The acceptance of the NDA is based on results from the phase 3 ROSELLA trial and supplemented by other phase 2 trials.
The FDA has accepted a new drug application (NDA) for relacorilant (CORT125134) as a treatment for patients with platinum-resistant ovarian cancer, according to a news release from the drug’s developer, Corcept Therapeutics Incorporated.1
The acceptance of the NDA is based on results from the phase 3 ROSELLA trial (NCT05257408) and supplemented by other phase 2 trials. According to the release, patients received relacorilant in combination with nab-paclitaxel and experienced advantageous progression-free survival (PFS) and overall survival (OS) outcomes compared with those who received nab-paclitaxel monotherapy. Additionally, the experimental agent was well-tolerated, consistent with its known safety profile, and conferred benefit without increasing the safety burden to patients. Adverse effect (AE) type, frequency, and severity was similar between both arms.
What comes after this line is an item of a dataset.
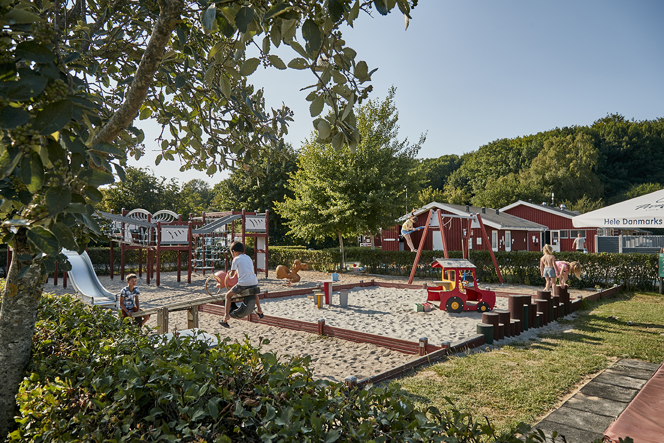 - Pladser tæt på legeplads, pool og fællesfaciliteter

Data from the phase 3 ROSELLA trial revealed that the relacorilant combination exhibited a median PFS of 6.54 months (95% CI, 5.55-7.43) vs 5.52 months (95% CI 3.94-5.88) with nab-paclitaxel monotherapy (HR, 0.70; 95% CI, 0.54-0.91; P = .0076).2 The median OS was 15.97 months (95% CI, 13.47- not reached [NR]) with relacorilant vs 11.50 months (95% CI, 10.02-13.57) with control therapy. Additionally, the objective response rate (ORR) was 36.9% vs 30.1% in each respective arm (P = .17), with a 24-week clinical benefit rate (CBR) of 51.1% vs 38.9% (P = .016).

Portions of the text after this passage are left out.